# A couple from New Year's Eve Storm 8"



## cvalcik (Dec 19, 2007)

From Clifton Park, NY


----------



## grandview (Oct 9, 2005)

Looks like the same 2-4 inch snow we were suppose to get and and ended up with a foot on New Years Eve.


----------



## cvalcik (Dec 19, 2007)

yea, thought it would be a quick easy day. Instead it was 12 hours of plowing and too tired to party in the new year.


----------



## snow tender (Nov 30, 2008)

Same here 3 to 6 was more like 8 to 10


----------



## JTBitter (Oct 7, 2003)

Where in CP are these taken?
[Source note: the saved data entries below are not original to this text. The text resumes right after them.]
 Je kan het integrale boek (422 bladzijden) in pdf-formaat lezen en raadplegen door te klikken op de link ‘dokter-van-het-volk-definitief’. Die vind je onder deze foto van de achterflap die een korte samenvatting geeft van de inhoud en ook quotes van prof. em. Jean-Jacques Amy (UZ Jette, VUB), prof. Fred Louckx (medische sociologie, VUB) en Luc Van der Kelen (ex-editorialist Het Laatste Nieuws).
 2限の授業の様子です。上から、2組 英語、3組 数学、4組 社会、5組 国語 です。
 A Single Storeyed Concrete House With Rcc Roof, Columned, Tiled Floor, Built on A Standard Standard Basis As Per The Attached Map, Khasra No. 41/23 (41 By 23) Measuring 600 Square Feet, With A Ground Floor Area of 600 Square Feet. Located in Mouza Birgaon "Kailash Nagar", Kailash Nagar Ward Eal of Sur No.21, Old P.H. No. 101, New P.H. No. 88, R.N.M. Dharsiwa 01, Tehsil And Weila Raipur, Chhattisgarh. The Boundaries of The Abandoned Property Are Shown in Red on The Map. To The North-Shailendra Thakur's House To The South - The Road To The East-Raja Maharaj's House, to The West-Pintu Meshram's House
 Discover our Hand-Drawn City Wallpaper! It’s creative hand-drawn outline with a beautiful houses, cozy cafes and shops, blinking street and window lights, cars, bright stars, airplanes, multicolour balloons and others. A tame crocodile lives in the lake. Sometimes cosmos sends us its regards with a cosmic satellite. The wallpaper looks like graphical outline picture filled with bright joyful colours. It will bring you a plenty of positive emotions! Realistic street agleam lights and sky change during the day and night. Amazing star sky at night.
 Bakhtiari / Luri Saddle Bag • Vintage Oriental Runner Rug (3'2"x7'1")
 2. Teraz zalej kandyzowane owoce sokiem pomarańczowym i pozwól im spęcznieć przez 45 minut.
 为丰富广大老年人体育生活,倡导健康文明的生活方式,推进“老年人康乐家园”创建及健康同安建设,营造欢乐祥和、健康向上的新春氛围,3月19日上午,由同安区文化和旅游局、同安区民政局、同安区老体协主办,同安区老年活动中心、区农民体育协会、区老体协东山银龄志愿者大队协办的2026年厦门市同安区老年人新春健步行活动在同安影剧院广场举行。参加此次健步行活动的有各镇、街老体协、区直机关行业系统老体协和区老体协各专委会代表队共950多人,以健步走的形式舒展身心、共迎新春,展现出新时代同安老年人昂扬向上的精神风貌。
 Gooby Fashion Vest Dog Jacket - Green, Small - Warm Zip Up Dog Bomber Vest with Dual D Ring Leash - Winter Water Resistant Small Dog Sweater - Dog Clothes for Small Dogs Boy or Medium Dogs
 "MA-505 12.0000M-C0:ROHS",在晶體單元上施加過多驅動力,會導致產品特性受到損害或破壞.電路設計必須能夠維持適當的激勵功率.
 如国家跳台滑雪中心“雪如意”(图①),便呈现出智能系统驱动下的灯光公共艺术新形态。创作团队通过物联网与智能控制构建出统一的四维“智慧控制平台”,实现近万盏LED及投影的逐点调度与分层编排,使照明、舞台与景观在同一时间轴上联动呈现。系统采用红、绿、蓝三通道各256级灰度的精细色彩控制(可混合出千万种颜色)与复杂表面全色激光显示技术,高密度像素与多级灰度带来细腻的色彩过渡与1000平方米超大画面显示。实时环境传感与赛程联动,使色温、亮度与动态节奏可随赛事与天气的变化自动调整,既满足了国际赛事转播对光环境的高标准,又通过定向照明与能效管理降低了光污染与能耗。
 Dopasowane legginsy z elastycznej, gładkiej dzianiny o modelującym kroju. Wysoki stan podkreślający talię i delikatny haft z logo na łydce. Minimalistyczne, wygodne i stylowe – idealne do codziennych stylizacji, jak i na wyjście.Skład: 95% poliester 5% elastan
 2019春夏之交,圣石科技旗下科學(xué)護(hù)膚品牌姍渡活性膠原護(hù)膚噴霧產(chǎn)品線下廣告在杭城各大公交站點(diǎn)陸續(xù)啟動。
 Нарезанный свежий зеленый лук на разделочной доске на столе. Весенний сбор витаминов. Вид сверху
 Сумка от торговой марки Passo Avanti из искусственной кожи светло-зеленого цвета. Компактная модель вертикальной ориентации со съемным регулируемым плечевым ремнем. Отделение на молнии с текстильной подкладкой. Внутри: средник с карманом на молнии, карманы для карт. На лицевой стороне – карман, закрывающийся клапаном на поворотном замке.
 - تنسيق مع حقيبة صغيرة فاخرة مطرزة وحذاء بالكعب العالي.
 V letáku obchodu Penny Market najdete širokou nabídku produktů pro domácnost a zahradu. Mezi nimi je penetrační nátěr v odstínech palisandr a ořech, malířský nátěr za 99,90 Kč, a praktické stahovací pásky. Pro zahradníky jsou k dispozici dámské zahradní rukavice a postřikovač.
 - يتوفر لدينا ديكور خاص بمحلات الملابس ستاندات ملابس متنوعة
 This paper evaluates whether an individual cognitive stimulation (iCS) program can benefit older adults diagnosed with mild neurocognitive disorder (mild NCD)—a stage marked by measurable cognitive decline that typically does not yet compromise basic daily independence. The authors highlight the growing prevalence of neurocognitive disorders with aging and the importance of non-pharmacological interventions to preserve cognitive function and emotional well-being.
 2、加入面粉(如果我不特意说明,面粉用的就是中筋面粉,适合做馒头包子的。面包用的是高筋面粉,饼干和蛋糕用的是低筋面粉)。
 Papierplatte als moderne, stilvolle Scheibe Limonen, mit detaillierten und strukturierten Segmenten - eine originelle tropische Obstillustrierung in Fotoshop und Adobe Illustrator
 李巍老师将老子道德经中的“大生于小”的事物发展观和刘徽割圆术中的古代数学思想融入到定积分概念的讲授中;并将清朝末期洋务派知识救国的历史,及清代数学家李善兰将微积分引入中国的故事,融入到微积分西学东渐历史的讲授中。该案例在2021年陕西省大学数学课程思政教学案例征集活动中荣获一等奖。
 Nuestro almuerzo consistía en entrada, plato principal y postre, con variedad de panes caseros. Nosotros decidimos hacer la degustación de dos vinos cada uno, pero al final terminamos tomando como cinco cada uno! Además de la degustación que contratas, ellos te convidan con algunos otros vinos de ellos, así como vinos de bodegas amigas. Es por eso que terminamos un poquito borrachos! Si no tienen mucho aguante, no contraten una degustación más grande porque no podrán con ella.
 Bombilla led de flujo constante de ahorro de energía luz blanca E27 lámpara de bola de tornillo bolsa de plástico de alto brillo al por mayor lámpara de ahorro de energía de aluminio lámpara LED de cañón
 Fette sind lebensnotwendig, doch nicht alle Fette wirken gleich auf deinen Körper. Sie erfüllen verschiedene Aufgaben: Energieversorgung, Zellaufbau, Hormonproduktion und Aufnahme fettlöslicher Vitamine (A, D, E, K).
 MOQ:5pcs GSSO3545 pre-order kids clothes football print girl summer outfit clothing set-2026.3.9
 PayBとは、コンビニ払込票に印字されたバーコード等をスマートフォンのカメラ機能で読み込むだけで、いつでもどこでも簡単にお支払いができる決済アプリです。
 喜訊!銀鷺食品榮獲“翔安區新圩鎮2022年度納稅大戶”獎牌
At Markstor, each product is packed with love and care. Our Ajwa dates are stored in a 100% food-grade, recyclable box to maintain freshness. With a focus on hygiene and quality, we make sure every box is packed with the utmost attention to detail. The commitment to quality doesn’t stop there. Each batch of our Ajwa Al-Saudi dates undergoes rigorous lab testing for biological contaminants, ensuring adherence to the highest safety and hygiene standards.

I live there as well...off Waite Rd, near the tracks.


----------



## fordpsd (Aug 23, 2008)

Got some nice pics there, i was also out for 12 hours that day


----------



## LawnProLandscapes (Nov 15, 2007)

nice pics, and that was a fun storm  cvalcik go to the groups page and join the new york group.


----------



## rawdog (Feb 20, 2007)

JTBitter;704613 said:


> Where in CP are these taken? I live there as well...off Waite Rd, near the tracks.


looks like down towards scotia on freemans bridge road by all-seasons? atleast thats what the stwearts looks like.


----------



## Supper Grassy (May 31, 2007)

Awsome pics 
Nice pic of the salt truck


----------